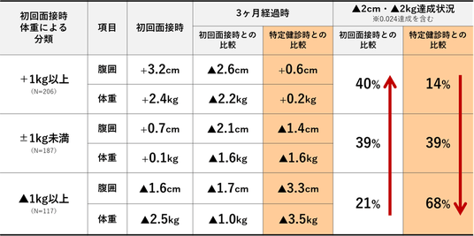 第4期特定保健指導では、特定健診時から腹囲▲2cm・体重▲2kgを達成することが主要達成目標として位置づけられています。一方で、特定保健指導による行動変容や腹囲・体重変動の評価には、初回面接以降の変化を用いるのが一般的です。今回の分析では、特定健診時からの腹囲・体重変化(主要達成目標)と、初回面接時からの腹囲・体重変化(介入成果)は、必ずしも一致しないケースが多く見られることが確認されました。
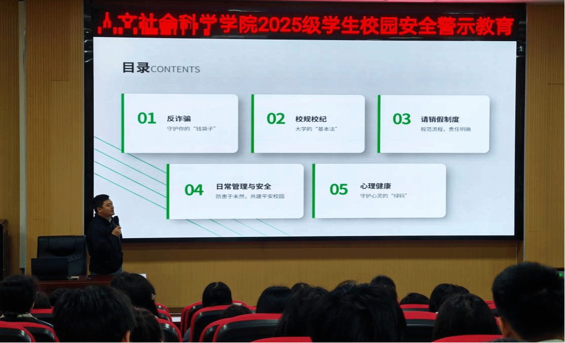 会上,郭伟卫结合校园管理现状与假期安全形势,围绕纪律要求、学业管理、假期安全、心理健康等多个维度展开,深入解读了校规校纪、请销假规范、“三个文明”要求,并重点普及了反诈知识、宿舍消防安全及出行安全指南。
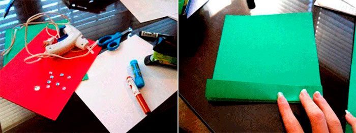 Возьмите зелёный картон, разрежьте пополам и сделайте гармошку на одной из половин. Расстояние каждой складочки гармошки должно быть 1-2 см.
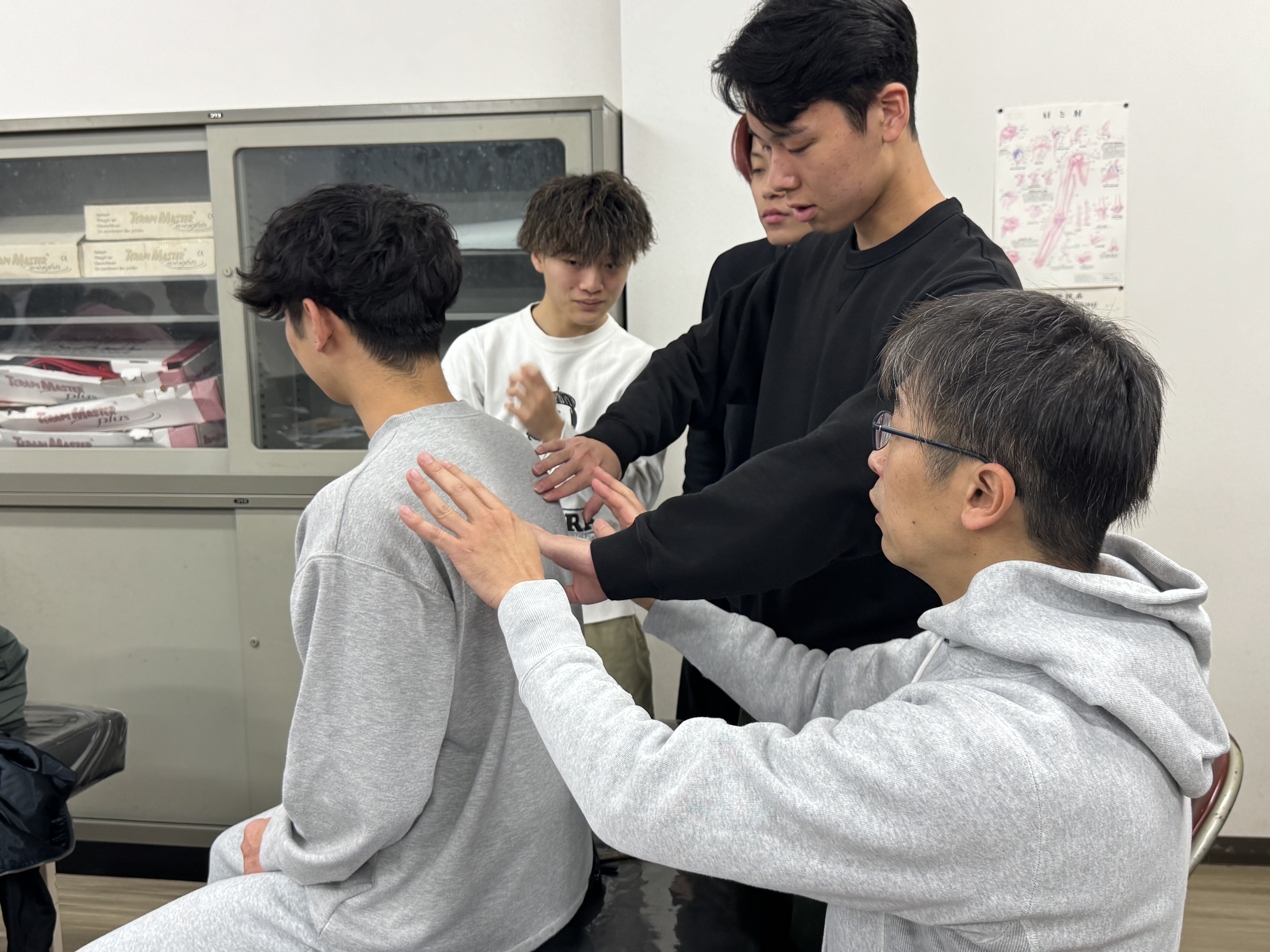 授業中は先生がすべてのペアを回りながら、一人ひとりの手の当て方や視点について細かくアドバイスしてくださり、理解を深めることができました。
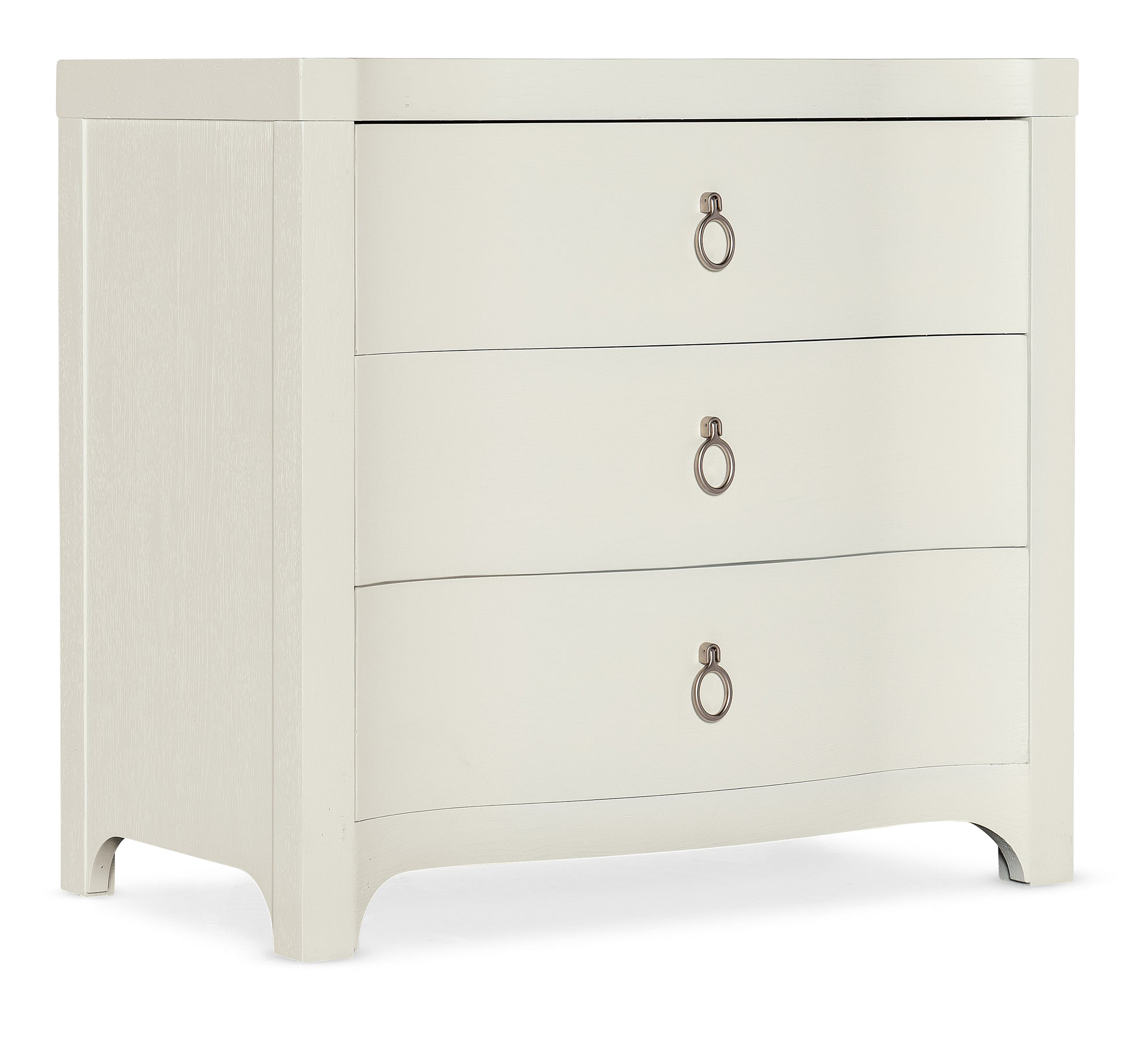 If you aspire to tranquil palettes and clean, crisp silhouettes, the Antigua Three-Drawer Nightstand will bring the peacefulness of the outdoors in with its shaped front and soft textured Shell white finish. Crafted of Oak Veneers, the nightstand has 3 drawers with soft-close drawer guides, a USB charger with two ports and a cord clip on the back. Light champagne decorative ring pulls add a designer touch.
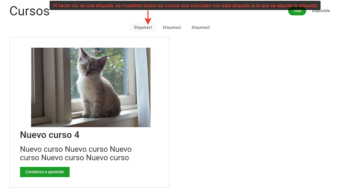 Al hacer clic en una etiqueta, se muestran todos los cursos que coinciden con esta etiqueta (a la que se adjunta la etiqueta).
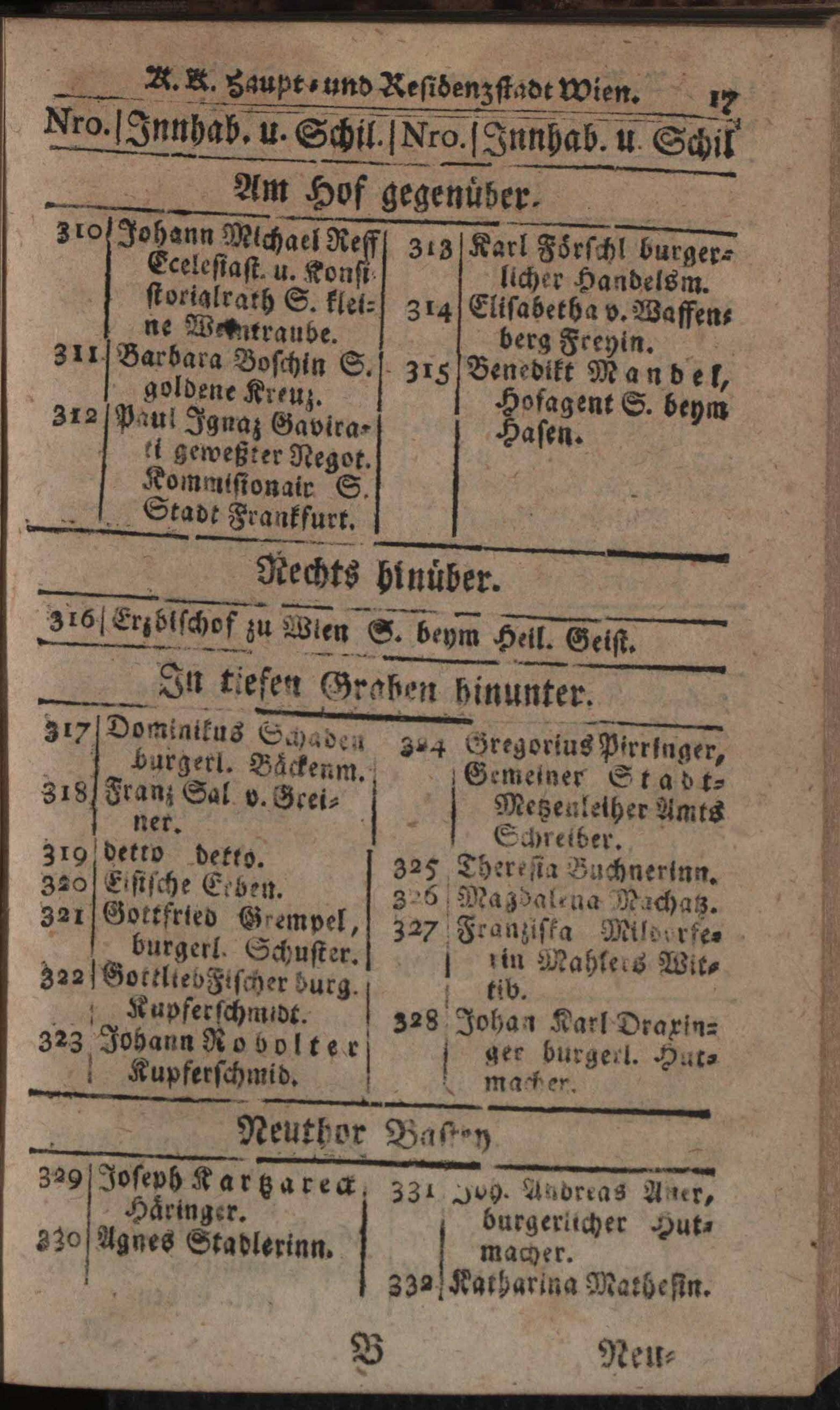 Verzeichniß der in der Kaiserl. Königl. Haupt- und Residenzstadt Wien, sammt dazu gehörigen Vorstädten und Gründen, befindlichen numerirten Häusern, derselben wahrhafte Eigenthümer, und deren Konditionen, nebst Schildern und Plätzen : Auf das genaueste nach denen Grund- und Konscriptions-Büchern entworfen / von Joseph Maximilian Fischer
========================
Action item:
This exercise asks for an exact copy of the lines from the first one in the data through the line that contains "会上,郭伟卫结合校园管理现状", pictures excluded.

Answer section:
 第4期特定保健指導では、特定健診時から腹囲▲2cm・体重▲2kgを達成することが主要達成目標として位置づけられています。一方で、特定保健指導による行動変容や腹囲・体重変動の評価には、初回面接以降の変化を用いるのが一般的です。今回の分析では、特定健診時からの腹囲・体重変化(主要達成目標)と、初回面接時からの腹囲・体重変化(介入成果)は、必ずしも一致しないケースが多く見られることが確認されました。
 会上,郭伟卫结合校园管理现状与假期安全形势,围绕纪律要求、学业管理、假期安全、心理健康等多个维度展开,深入解读了校规校纪、请销假规范、“三个文明”要求,并重点普及了反诈知识、宿舍消防安全及出行安全指南。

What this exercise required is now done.